It’s very easy to make jokes about the subject of orgasm faking. Because the subject entails so much embarrassment and insecurity, particularly of a gendered nature, it’s no wonder pop culture is littered with jokey references to the subject: “By the way, I faked every orgasm,” Frank Drebin tells his about-to-be-ex-girlfriend Jane Spencer during an over-the-top breakup scene in the classic comedy The Naked Gun: From the Files of Police Squad!
But from a sexual- and psychological-health perspective, faked orgasms are both an interesting subject and an important one to study. They do involve, after all, a certain level of dishonesty between sexual partners, so from researchers’ perspectives it’s worth better understanding what’s going on, particularly whether the faking is the result of some underlying issue that could be addressed.
In a new paper in the Archives of Sexual Behavior, Danya Goodman and Omri Gillath of the University of Kansas, and Parnia Haj-Mohamadi of Emerson College in Boston explain that previously, most research about faked orgasm has focused on the frequency of the act rather than the motivating factors behind it.
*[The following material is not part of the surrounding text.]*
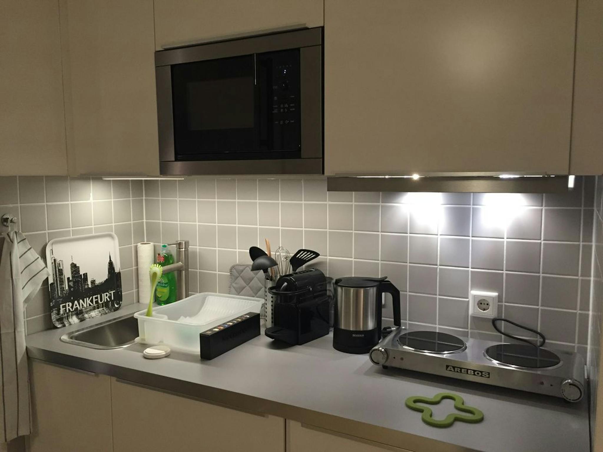 Die Kochzeile verfügt über Spüle, Mikrowelle,

They want to change that, and so they have created a new scale they have developed called the Pretending Orgasms Reasons Measure, or PORM (no, not PORN).
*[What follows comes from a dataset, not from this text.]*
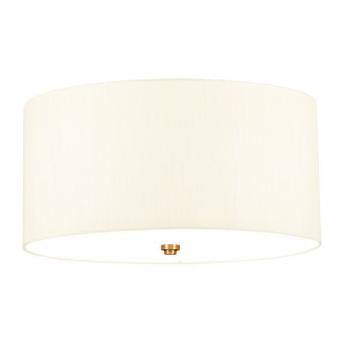 This flush ceiling fixture is available from stock with a faux silk Ivory shade. Choose from 6 different size options. There is a gloss white acrylic diffuser that is secured with a Polished Chrome or Aged Brass Central finial. See our shade catalogue for more shade colour options.

As the researchers explain, there have been some past efforts to develop scales studying this issue, but they’ve been limited: One such scale was only applicable to female subjects, for example, while another wasn’t developed, they argue, with sufficient statistical rigor. To attempt to do a more rigorous job, the researchers first solicited a bunch of college students to explain why they had faked orgasms. Then they asked a larger online group of more than 400 to note which of those reasons applied to them. Through the statistical number-crunching used to generate these sorts of scales, the researchers came up with six factors (that is, statistically distinct categories into which individual questions neatly fit): feels good, for partner, not into sex, manipulation/power, insecurity, and emotional communication.
The point of this study was mostly to offer something of a proof-of-concept of the PORM scale rather than to generate conclusive new findings on this subject, but they did find some interesting nuggets: For example, when the researchers applied their scale to an online sample of almost 1,600, they found that while 76 percent of women reported having faked an orgasm at least once, the number was also rather high for men, at 41 percent. That’s less of a gender divide than the prevailing conversation on this subject might have suggested. It’s also a lot of faking, overall, which suggests this is a very fertile area for more research.